Backlund played another two seasons for Västerås HK, splitting time in the J20 SuperElit and HockeyAllsvenskan. During this time, he was selected in the first round, 24th overall, by the Calgary Flames in the 2007 NHL entry draft. Scouts had ranked him second amongst European skaters. Following the 2007–08 season, Backlund signed an entry-level contract with the Flames. He impressed during the rookie camp but was not as successful during the main training camp, and started the 2008–09 season playing on loan for Västerås back in HockeyAllsvenskan. After his success in the 2009 World Junior Championships, he returned to Calgary and made his NHL debut on 8 January 2009, in a 5–2 win against the New York Islanders. Soon thereafter, the Flames assigned him to the Kelowna Rockets of the Western Hockey League (WHL) for the remainder of the 2008–09 season. Competing for the Rockets in the 2009 WHL playoffs, Backlund tied teammate Jamie Benn for the League lead with 13 goals in 19 games as Kelowna defeated the Calgary Hitmen in the final to win the Ed Chynoweth Cup.

===Calgary Flames===
Backlund began the 2009–10 season with the Flames' American Hockey League (AHL) affiliate, the Abbotsford Heat. On 26 January 2010, he was called up to play on the NHL squad, and scored his first NHL goal on 28 January against the Phoenix Coyotes. He split the season between the AHL and NHL, scoring 32 points in 54 games in Abbotsford, and ten points in 23 games with Calgary. Though he spent most of the 2010–11 season in Calgary, Backlund struggled offensively early, and after scoring just eight points in his first 32 games, was sat out of six consecutive games as a healthy scratch before being sent to Abbotsford on a brief conditioning stint. He appeared in 73 games for the Flames, scoring ten goals and 25 points.

Injuries plagued Backlund throughout 2011–12. He was expected to centre the Flames' top line between Jarome Iginla and Alex Tanguay, but suffered a broken finger in training camp that twice required surgery to repair and caused him to miss the first six weeks of the season.

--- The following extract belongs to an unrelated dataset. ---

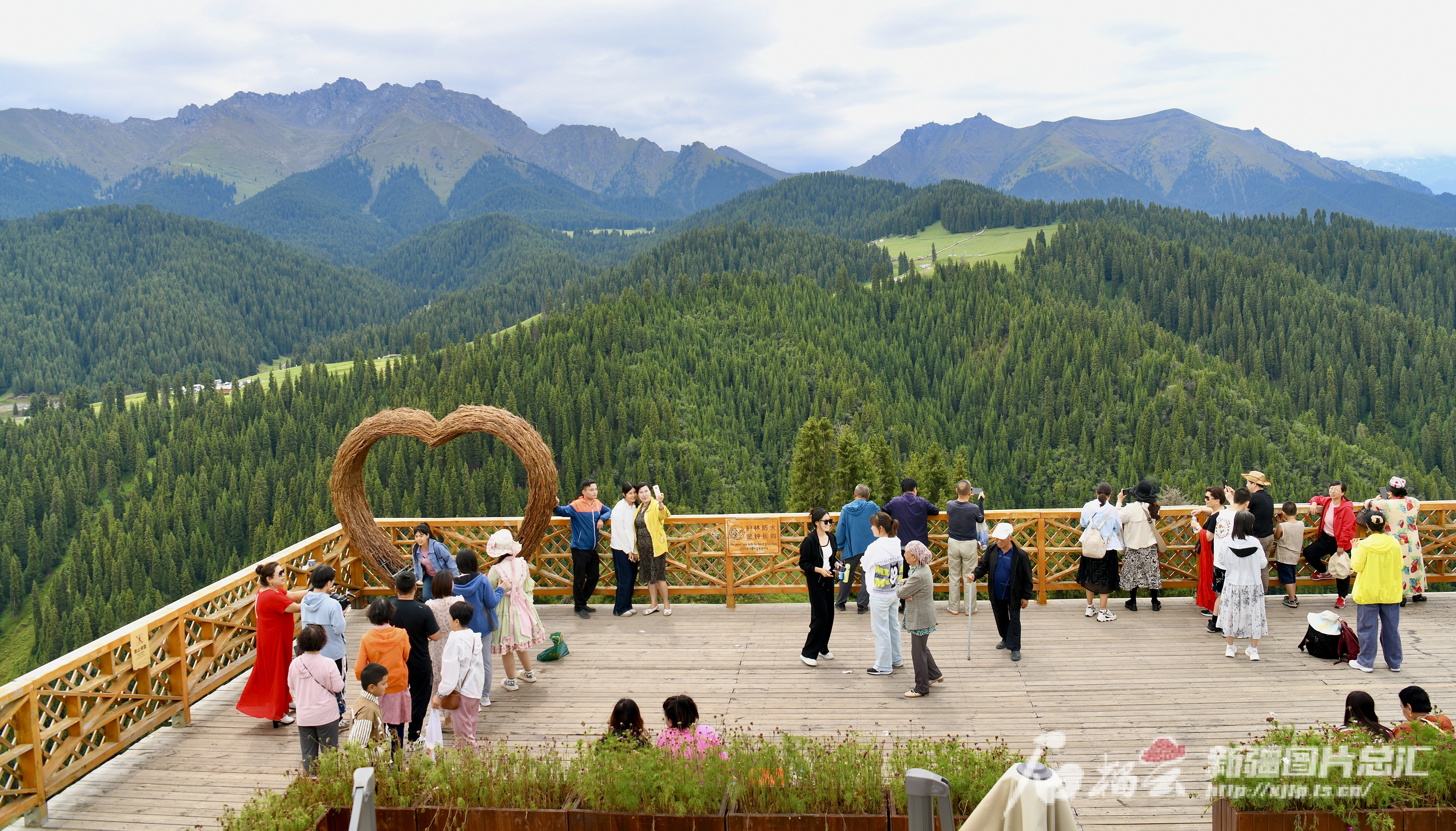 8月17日,游客在江布拉克景区观景台拍照留念。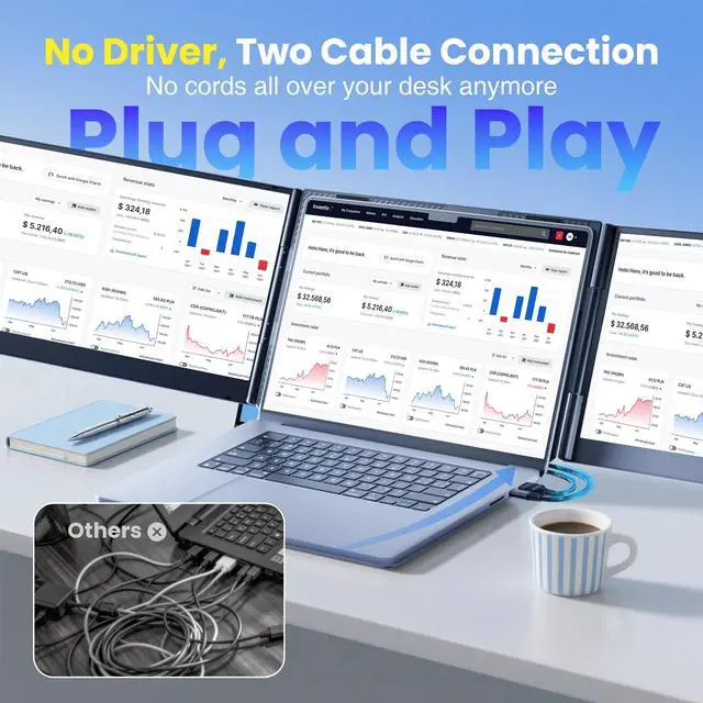 It delivers vivid, true-to-life visuals with ultra-wide viewing angles for an immersive experience. Built-in blue light filter & anti-glare technology effectively reduces eye strain, perfect for prolonged use and heavy data processing. It supports 180 rotation, so you can adjust it to a shared or private angle at any time. ^^ 2 Cables Plug & Play, Wide CompatibilitySharanix portable monitor for laptop features 2-cable plug and play setupno driver installation required for instant use. Compatible with 13-17" laptops and all mainstream systems: Windows, macOS, Chrome OS, Android, Linux. This triple monitor for laptop also supports connection to smartphones and devices with an HDMI output port (such as desktop computers, laptops, mini PCs, set-top boxes, game consoles, etc. ) ^^ 300% Efficiency Boost, Tidy WorkstationTransform your laptop into a 3-screen workstation with mirror/extend/presentation modessay goodbye to cluttered windows and desktops. This multiple screens for laptop can helps you realize seamless multitasking, boost work efficiency up to 300% and save valuable time & space. The newly upgraded 60cm cable provides the perfect length to organize your cables and keep your desktop tidy. Perfect for IT professionals, stock traders, programmers, gamers and all high-efficiency seekers. ^^ High Quality & Reassuring DesignPremium silver aluminum alloy casing, featuring a unique fingerprint-resistant designmore sturdy, durable, and stylish than ordinary black dual screen monitor for laptop, maintaining a like-new appearance even with prolonged use. The adjustable telescopic stand offers a secure, custom fit for 13- 17.3" laptops. A reinforced back bracket with non-slip rubber pads locks the laptop screen extender securely in place with zero wobble.

He then suffered a shoulder injury in a mid-February game while attempting to confront a Vancouver Canucks player he felt had injured a teammate. The injury ended his season, and in 41 games, he scored only 11 points.

Following the season, the Flames re-signed Backlund to a new contract for the 2012–13 season, a one-year deal worth US$725,000. However, with the season's start delayed by a labour dispute, Backlund returned to Sweden for the balance of the lockout. He re-joined Västerås and appeared in 23 games for the team, scoring 12 goals and 30 points before returning to North America after a new deal between the NHL and its players was reached. His performance with Västerås provided a confidence boost for Backlund, who said that he wanted to return to Calgary and "show everybody I can play way better." Backlund enjoyed a solid NHL season upon coming back to Calgary, missing 16 games but still managing to post one point every two games on average for the first time in his career. His eight goals and sixteen points were eighth and tenth on a rebuilding Flames team which badly missed the playoffs.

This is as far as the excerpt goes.